You guys have your PMOS. You have a pipeline and career path very similar to winged aviators. You guys are getting MQ-9s (or some variant of it). We’ve arguably ponied up some very solid guys to command VMU. One of them was a very capable and well respected AH-1W driver who should’ve been an HMLA CO. Your PMOS doesn’t have enough depth to have pure MOS COs yet. I honestly don’t know what else you guys want.
Based off of my conversations in training and elsewhere with VMU, You guys seem to be very eager to be a part of the fires and effects game, but have little actual ambition to fully understand what that means with in the limitations of your current capability. There are some structural issues with retention across the services and VMU is no exception to that, but some of this attitude is internal to your community. When I start speaking basic PGM employment envelopes, laser geometry, and CFF with VMU and get handed some eye rolls, You can understand other communities frustrations with how you guys operate... and I’m not even including the perennial flying FOD/Metal bird strike hazard in an objective area you guys could create. Sometimes you can be your own worst enemy.

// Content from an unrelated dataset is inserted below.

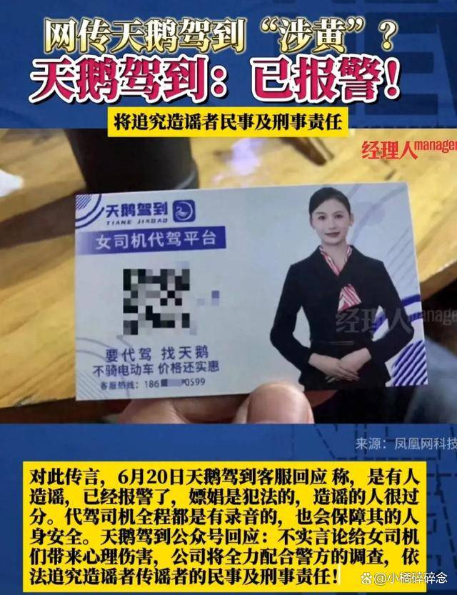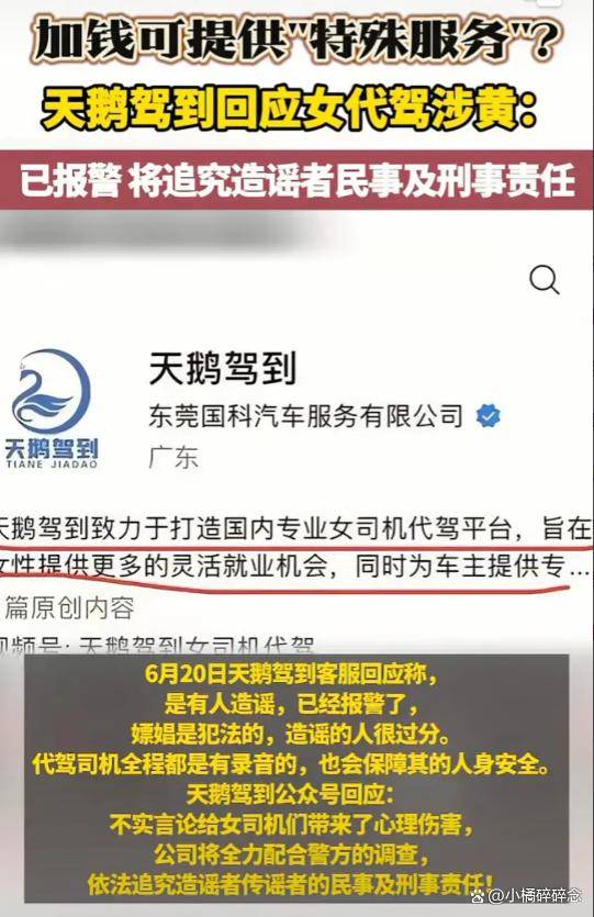 故事是这样的,有人在网上放出了一张聊天截图,声称使用了“天鹅驾到”的代驾服务还能“额外加服务”,享受所谓的“特殊服务”。这截图一发布,立马引起了网友的极大关注,讨论的热度直线上升。面对这种情况,“天鹅驾到”赶紧出面澄清,他们表示:“我们是正规的代驾服务,关于这个造谣的事情,我们已经向警方报案了。

You're preaching to the choir man.
Yes, we've had some solid CO's, and I worked for the one of which you speak. But the guy who followed him was a DASC turned UAV guy, and now a Prowler guy. That's tough for continuity, and each squadron may do things drastically differently.
Is it getting better? Sure. But we're not there, and 30 years of somewhat botched history has made it tough.
We're not ready for MQ-9. We say we are, but... We're not at that level- some of us are, but we're wearing pilot/NFO wings on our chests. I argue that our training pipelines are too short, and our T&R manual doesn't have enough codes and too many of them can be completed in the simulator. Very few of our WTIs can hold a candle to other aviation communities' WTIs.
One of those awesome COs (a short, bald, Harrier guy) told me once, "Swanee, one day we'll be able to run, but first we have to figure out how to take the clown shoes off."
I want buy in, I want money for legitimate training and a legitimate training pipeline. I want my peers to have to have the same level of aviation knowledge that we were required to have when we winged. I want my peers to be better and I want the bar to be higher. I want the "It's just a UAV" attitude to go away.
You guys should absolutely be frustrated when you work with VMU. We've spent too much time operating in a ROZ, on a preprogrammed route, circling in the overhead pointing our camera at whatever we see, without actually knowing what being really good at what you do means.